Exercise objective
From the entries below, reproduce exactly the lines from the one with "StarTools' Color Constancy" through the one with "정식 출시는 7월 30일.", both included, without images.

Entries shown
= = = =
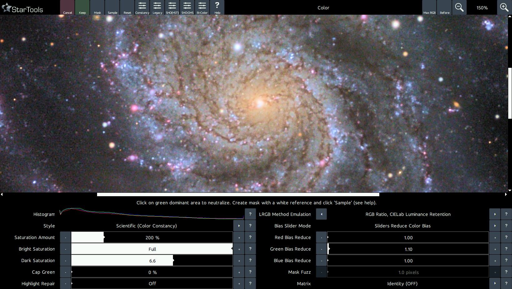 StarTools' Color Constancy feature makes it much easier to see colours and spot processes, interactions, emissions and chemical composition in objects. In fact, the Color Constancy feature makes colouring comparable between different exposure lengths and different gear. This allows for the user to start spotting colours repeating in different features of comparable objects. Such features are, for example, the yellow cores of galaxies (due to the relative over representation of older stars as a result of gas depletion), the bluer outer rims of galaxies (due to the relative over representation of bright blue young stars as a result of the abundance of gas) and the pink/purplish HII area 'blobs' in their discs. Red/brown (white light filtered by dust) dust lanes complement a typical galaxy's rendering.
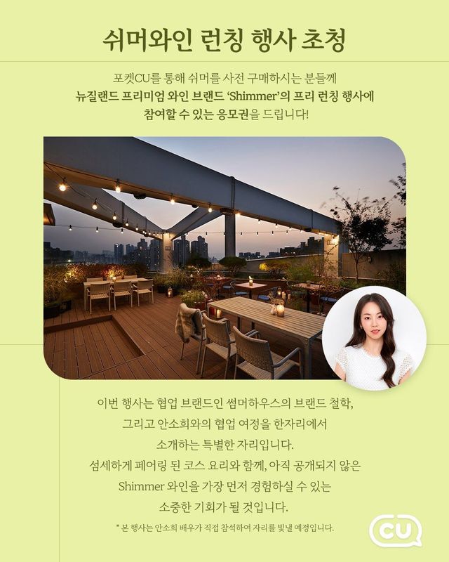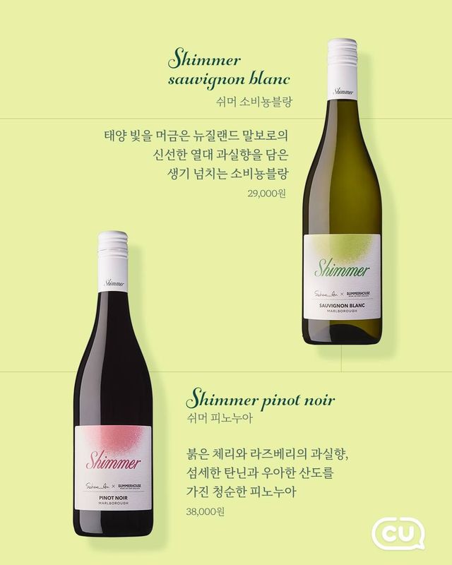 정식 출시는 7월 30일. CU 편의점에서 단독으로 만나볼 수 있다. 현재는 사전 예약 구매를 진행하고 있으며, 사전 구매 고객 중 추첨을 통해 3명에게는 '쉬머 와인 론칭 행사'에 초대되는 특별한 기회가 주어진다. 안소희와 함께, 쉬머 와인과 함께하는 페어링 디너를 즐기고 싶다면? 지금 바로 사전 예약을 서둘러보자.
= = = =
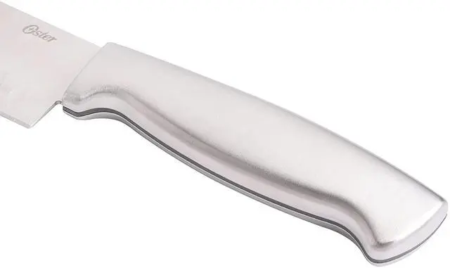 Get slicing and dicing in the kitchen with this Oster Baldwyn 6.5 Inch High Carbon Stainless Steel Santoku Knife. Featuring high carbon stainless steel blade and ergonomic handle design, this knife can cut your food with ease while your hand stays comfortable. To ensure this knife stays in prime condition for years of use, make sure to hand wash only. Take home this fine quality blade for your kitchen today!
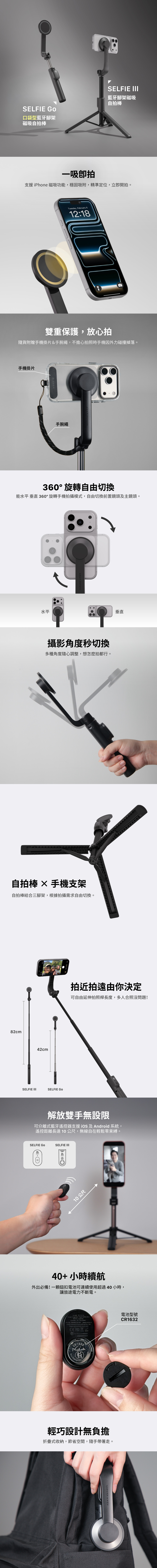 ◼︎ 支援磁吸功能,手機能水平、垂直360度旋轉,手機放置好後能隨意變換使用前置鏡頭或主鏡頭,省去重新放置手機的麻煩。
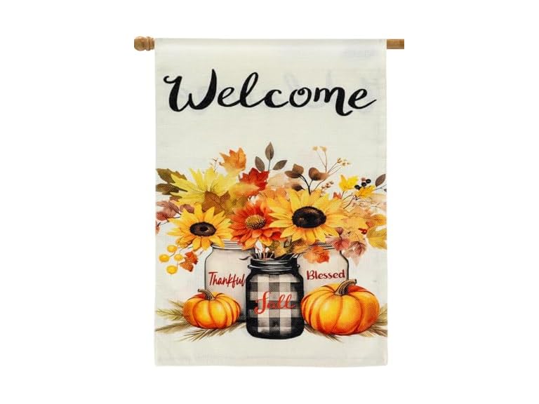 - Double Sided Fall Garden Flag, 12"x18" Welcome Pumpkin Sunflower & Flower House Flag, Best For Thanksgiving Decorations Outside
= = = =
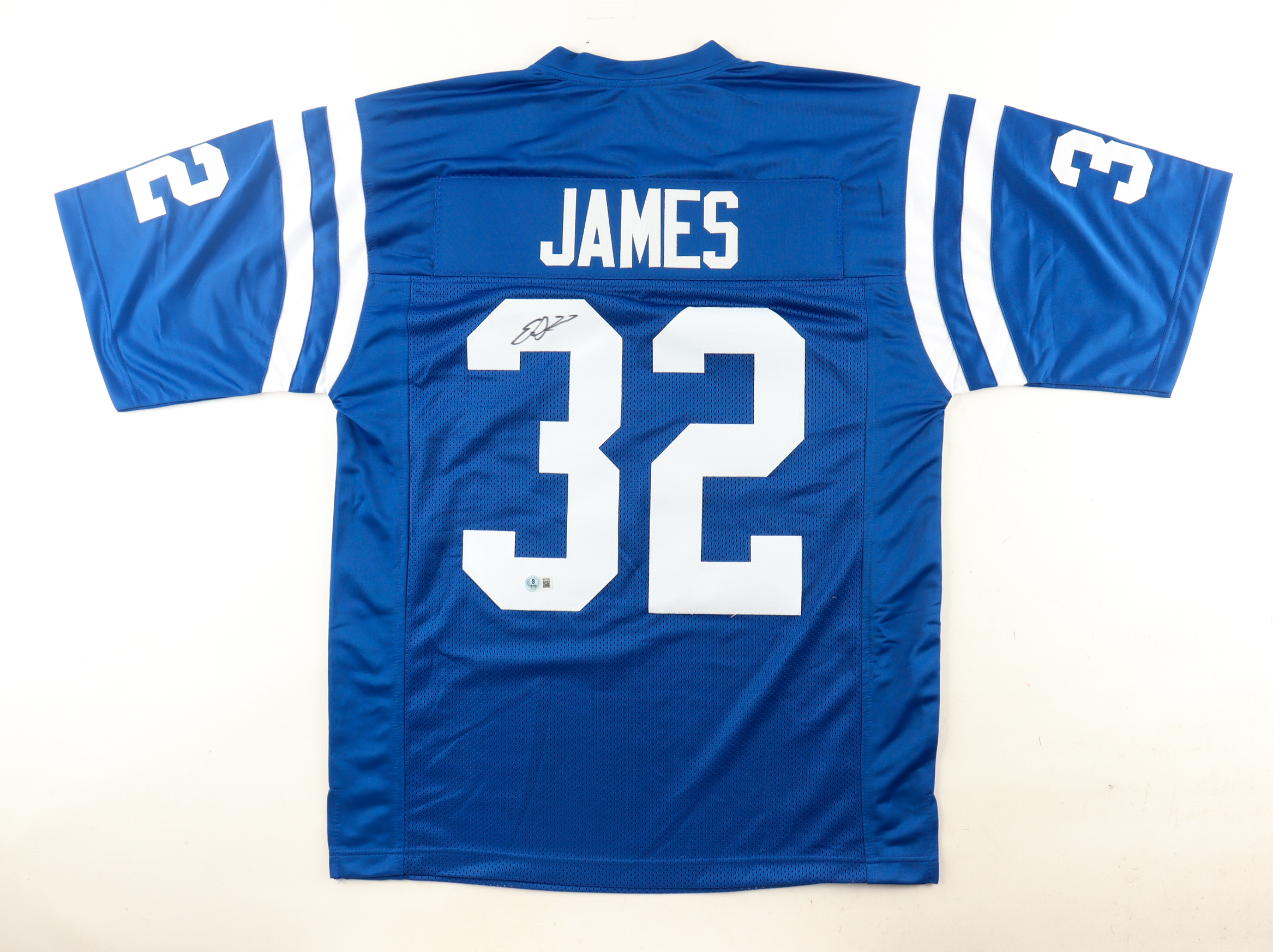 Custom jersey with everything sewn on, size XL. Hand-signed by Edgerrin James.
= = = =
Exercise output
 StarTools' Color Constancy feature makes it much easier to see colours and spot processes, interactions, emissions and chemical composition in objects. In fact, the Color Constancy feature makes colouring comparable between different exposure lengths and different gear. This allows for the user to start spotting colours repeating in different features of comparable objects. Such features are, for example, the yellow cores of galaxies (due to the relative over representation of older stars as a result of gas depletion), the bluer outer rims of galaxies (due to the relative over representation of bright blue young stars as a result of the abundance of gas) and the pink/purplish HII area 'blobs' in their discs. Red/brown (white light filtered by dust) dust lanes complement a typical galaxy's rendering.
 정식 출시는 7월 30일. CU 편의점에서 단독으로 만나볼 수 있다. 현재는 사전 예약 구매를 진행하고 있으며, 사전 구매 고객 중 추첨을 통해 3명에게는 '쉬머 와인 론칭 행사'에 초대되는 특별한 기회가 주어진다. 안소희와 함께, 쉬머 와인과 함께하는 페어링 디너를 즐기고 싶다면? 지금 바로 사전 예약을 서둘러보자.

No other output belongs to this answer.